Walk through this line by line:

  1. class AssociationGraph: — declares the class. The colon starts an indented block (like { in C or awk).

  2. def __init__(self) → None: — the constructor. def defines a function. self is always the first argument of a method. → None is a type hint saying this method returns nothing.

  3. self._forward — the underscore prefix is a Python convention meaning "private — don’t touch this from outside the class." It is not enforced, just a signal.

  4. dict[str, dict[str, list[str]]] — the type hint. Read it inside-out: a list of strings, inside a dict keyed by strings, inside another dict keyed by strings.

3. Export the class from the package

Open src/association_engine/__init__.py and write:

"""Association Engine — bidirectional knowledge graph."""

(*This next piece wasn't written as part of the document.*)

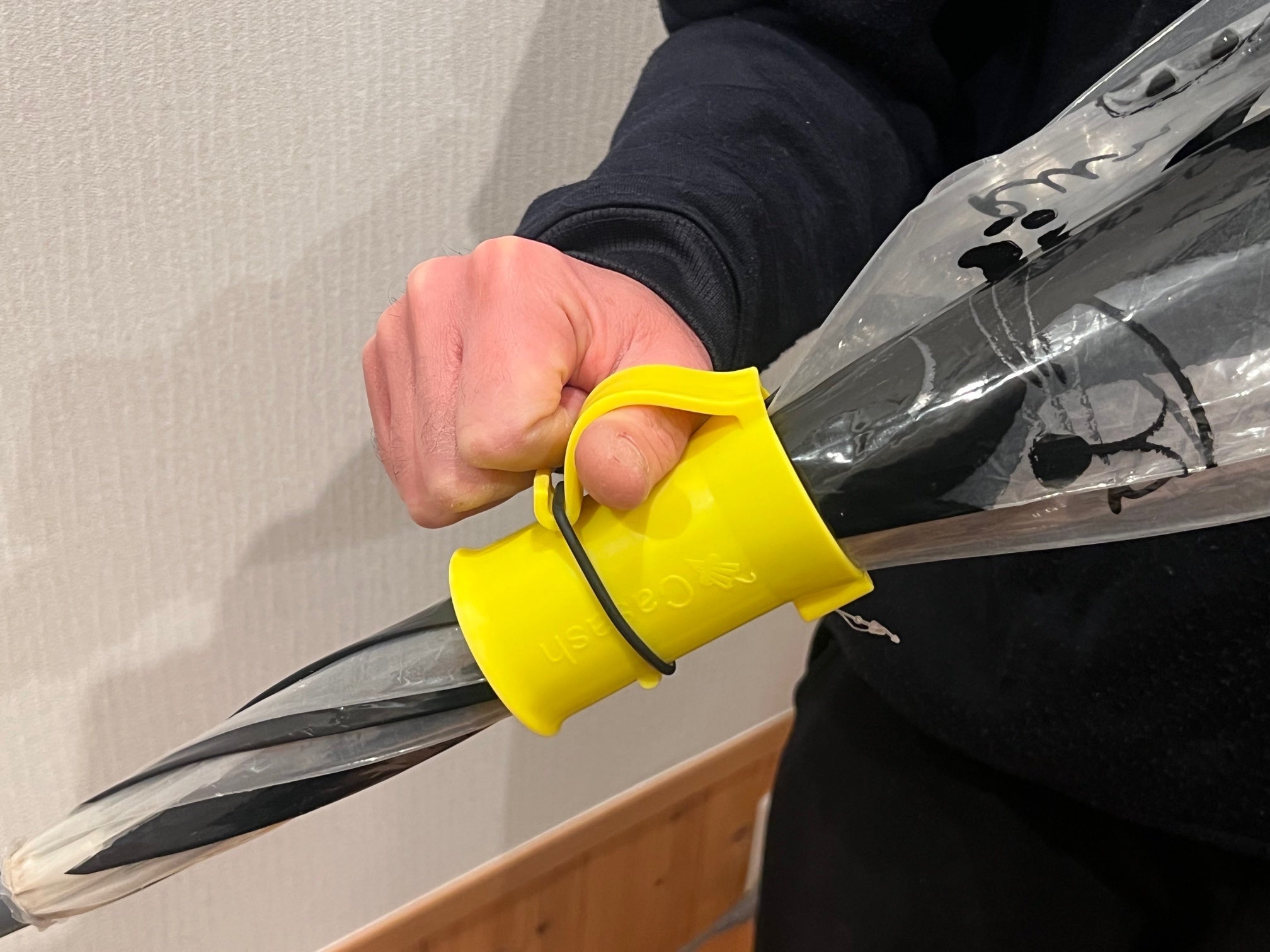 傘ホルダーCasashは、濡れた傘を「たたむ時」「持ち歩く時」の不快感を解消し、雨の日の外出の不便を解決する商品です。

from association_engine.graph import AssociationGraph

__all__ = ["AssociationGraph"]

from …​ import …​ is how Python pulls a name from another module. __all__ declares the public API — when someone writes from association_engine import *, only AssociationGraph is exported.

4. Write the first real test

Open tests/test_graph.py and replace the smoke test:

"""Tests for AssociationGraph — Phase 1."""

from association_engine.graph import AssociationGraph


class TestInit:
    """Verify the constructor creates an empty graph."""

    def test_forward_starts_empty(self) -> None:
        graph = AssociationGraph()
        assert graph._forward == {}

    def test_reverse_starts_empty(self) -> None:
        graph = AssociationGraph()
        assert graph._reverse == {}

    def test_two_instances_are_independent(self) -> None:
        a = AssociationGraph()
        b = AssociationGraph()
        a._forward["test"] = {}
        assert "test" not in b._forward

Three tests:

  1. Forward dict starts empty.

  2. Reverse dict starts empty.

  3. Two instances do not share state (a common beginner trap with mutable default arguments — you avoided it by assigning in __init__).

5. Run the tests

uv run pytest tests/ -v

Expected:

tests/test_graph.py::TestInit::test_forward_starts_empty PASSED
tests/test_graph.py::TestInit::test_reverse_starts_empty PASSED
tests/test_graph.py::TestInit::test_two_instances_are_independent PASSED

6. Lint

uv run ruff check src/ tests/

Fix anything ruff reports before moving on. Common first-time issues: missing trailing newline, unused imports.

Checklist

  • AssociationGraph class defined in graph.py

  • __init__ creates empty _forward and _reverse dicts

  • Type hints on both dicts

  • __init__.py exports AssociationGraph

  • Three tests in test_graph.py

  • uv run pytest tests/ -v — all pass

  • uv run ruff check src/ tests/ — clean

Verification

uv run pytest tests/ -v --tb=short
uv run ruff check src/ tests/

Both must exit cleanly. You now have a class that does nothing useful — but it exists, it is tested, and the toolchain proves it. Phase 2 gives it behavior.